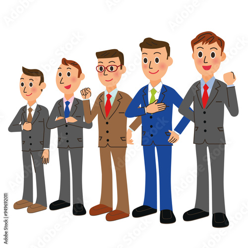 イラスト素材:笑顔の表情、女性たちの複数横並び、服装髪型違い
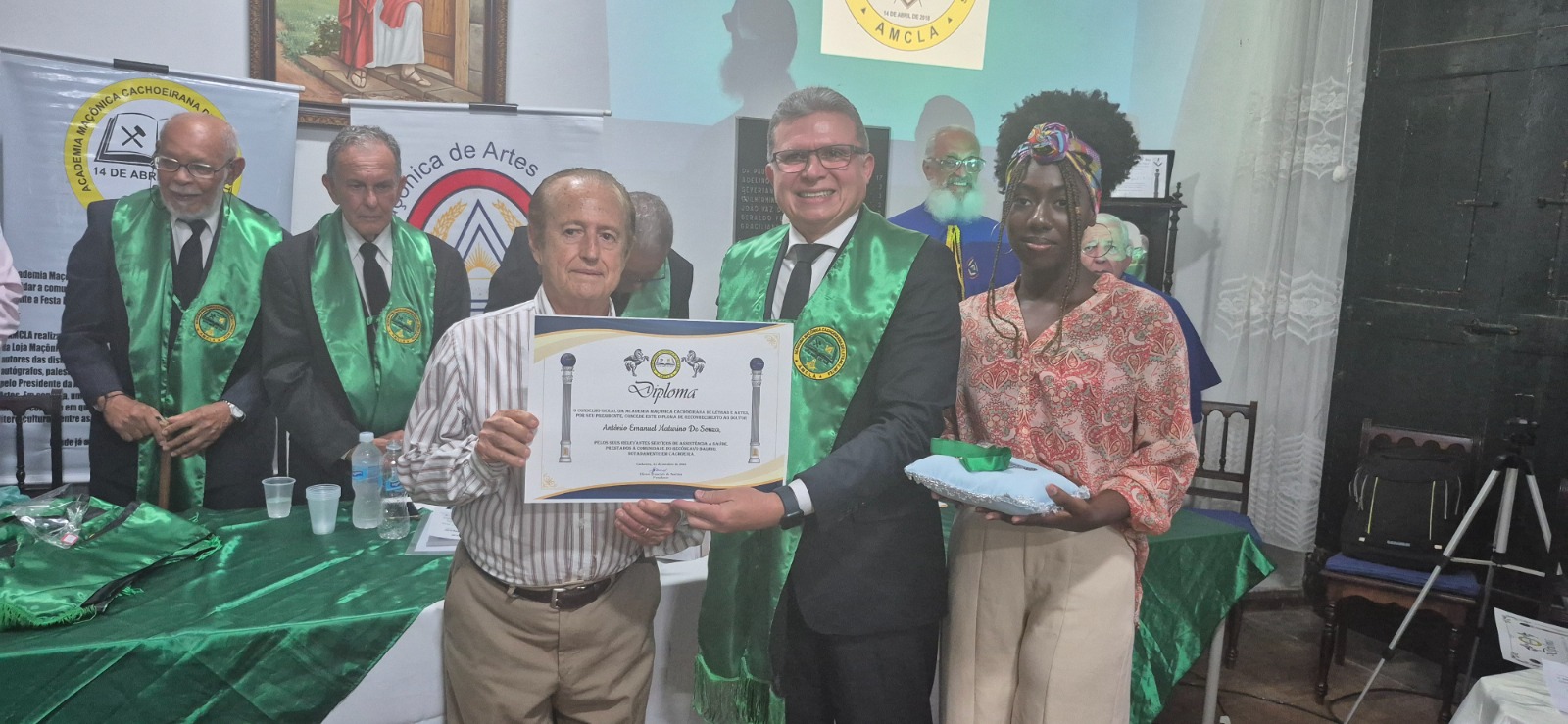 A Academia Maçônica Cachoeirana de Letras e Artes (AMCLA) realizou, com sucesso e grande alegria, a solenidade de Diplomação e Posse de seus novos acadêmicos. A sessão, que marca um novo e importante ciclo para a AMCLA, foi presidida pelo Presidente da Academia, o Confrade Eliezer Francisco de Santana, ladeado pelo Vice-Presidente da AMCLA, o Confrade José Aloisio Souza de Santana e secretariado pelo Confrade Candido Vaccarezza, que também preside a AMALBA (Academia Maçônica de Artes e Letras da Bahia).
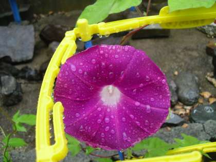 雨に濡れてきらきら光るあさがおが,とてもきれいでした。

*Your objective*
Everything in the data must be printed verbatim except the pictures.

*Reply*
 イラスト素材:笑顔の表情、女性たちの複数横並び、服装髪型違い
 A Academia Maçônica Cachoeirana de Letras e Artes (AMCLA) realizou, com sucesso e grande alegria, a solenidade de Diplomação e Posse de seus novos acadêmicos. A sessão, que marca um novo e importante ciclo para a AMCLA, foi presidida pelo Presidente da Academia, o Confrade Eliezer Francisco de Santana, ladeado pelo Vice-Presidente da AMCLA, o Confrade José Aloisio Souza de Santana e secretariado pelo Confrade Candido Vaccarezza, que também preside a AMALBA (Academia Maçônica de Artes e Letras da Bahia).
 雨に濡れてきらきら光るあさがおが,とてもきれいでした。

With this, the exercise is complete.